Идут бойцы к деревеньке Лысой. Молчат по дороге, каждый задумался о чём-то своём.

Тихон Свиридов — о своей деревеньке Коровий Брод.

Мать вспоминает. Как она там — Матрёна Свиридова?

Отца вспоминает. Как он там — Дормидонт Свиридов?

Как братья? Как сёстры? В руках у белых сейчас деревенька.

Дормидонт Свиридов — мужик из бедных. Гнула его судьба, ломала. Вот Сидор Талызин, вот Пимен Загривок — эти другое дело. Сидор Талызин — кулак известный. Пимен Загривок владеет мельницей. Вот они, сельские богатеи. Как там у них дела?

Размечтался боец дорогой. Вдруг выпадет так, представляет Тихон Свиридов, что именно их полку суждено пройти по родным местам. Войдёт он в Коровий Брод.

«Здравствуй, маманя!»

«Здравствуй, папаня!»

«Сёстры и братья — здрасте!»

Приблизились красные разведчики к деревне Лысой. Остановились. Замерли в темноте, в тишине. Наблюдают за деревенской околицей. Вот тут и должна быть охрана белых. И верно: видят бойцы — трое дозорных ходят.

— Ходят!

— Не спят!

— Шагают!

Трое. Лучше, конечно, если бы был один. А что, если схватить троих?

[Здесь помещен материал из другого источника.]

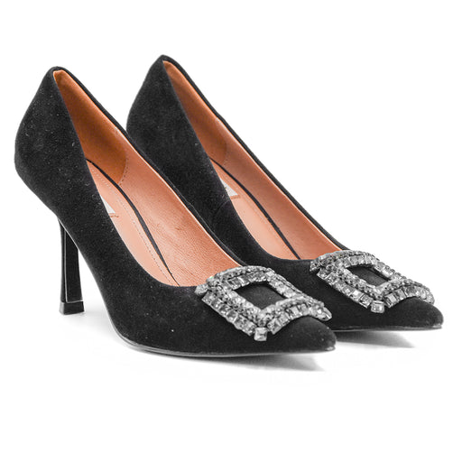 Chantal 1962• Décolleté in vernice nero • Placca decorativa frontale • Silhouette a punta • Interno in pelle • Tacco a stiletto di 8 cm • Calzata regolare • A...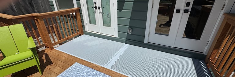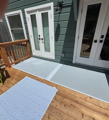 We put in this metal deck for a residence in San Francisco. The top is the start and the bottom is the completed deck, looking down.
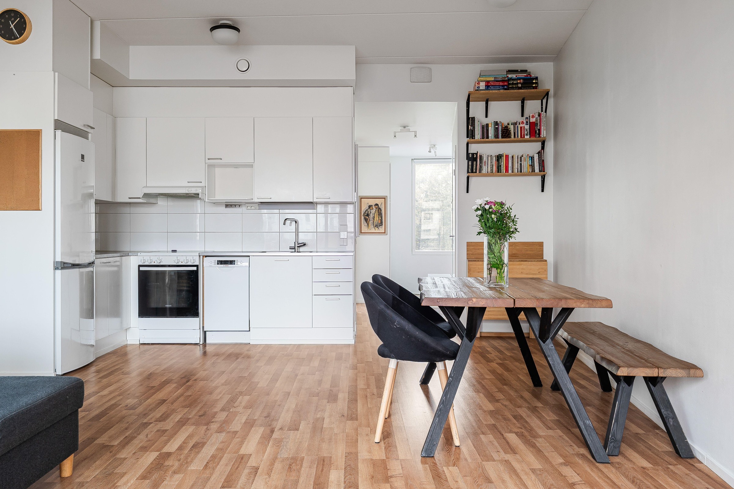 - Jääkaappipakastin, induktioliesi, liesituuletin, astianpesukone, kaapistot, kiinteät valaisimet.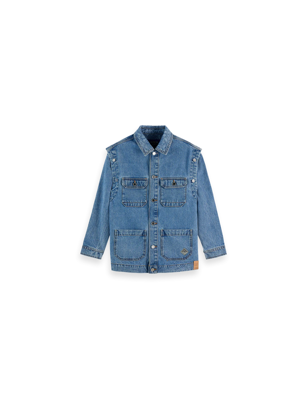 Αυτό το πλυμένο τζιν μπουφάν συνδυάζει το κλασικό στυλ με την ευελιξία, διαθέτοντας αποσπώμενα μανίκια για προσαρμόσιμη χρήση. Φτιαγμένο από απαλό ύφασμα, είναι ιδανικό για στρώσεις πάνω από οποιοδήποτε ντύσιμο, είτε προτιμάτε ένα casual είτε πιο δομημένο look.

Заметили бойцы, что трое шагают рядом. Значит, главное — выждать момент удачи. Когда повернутся спиной беляки — это и есть момент.

Подкрались разведчики ближе к белым. Как повернулись спиной дозорные, набросились на них разведчики. По совету Васи Зайчика прикладами их пристукнули и тут же каждому в рот по кляпу.

Оттащили пленных от околицы. Пришли в себя белые.

Вот первый из них. Глянул Тихон и тут же ахнул: вот ведь судьба какая — Пимен Загривок у них в руках!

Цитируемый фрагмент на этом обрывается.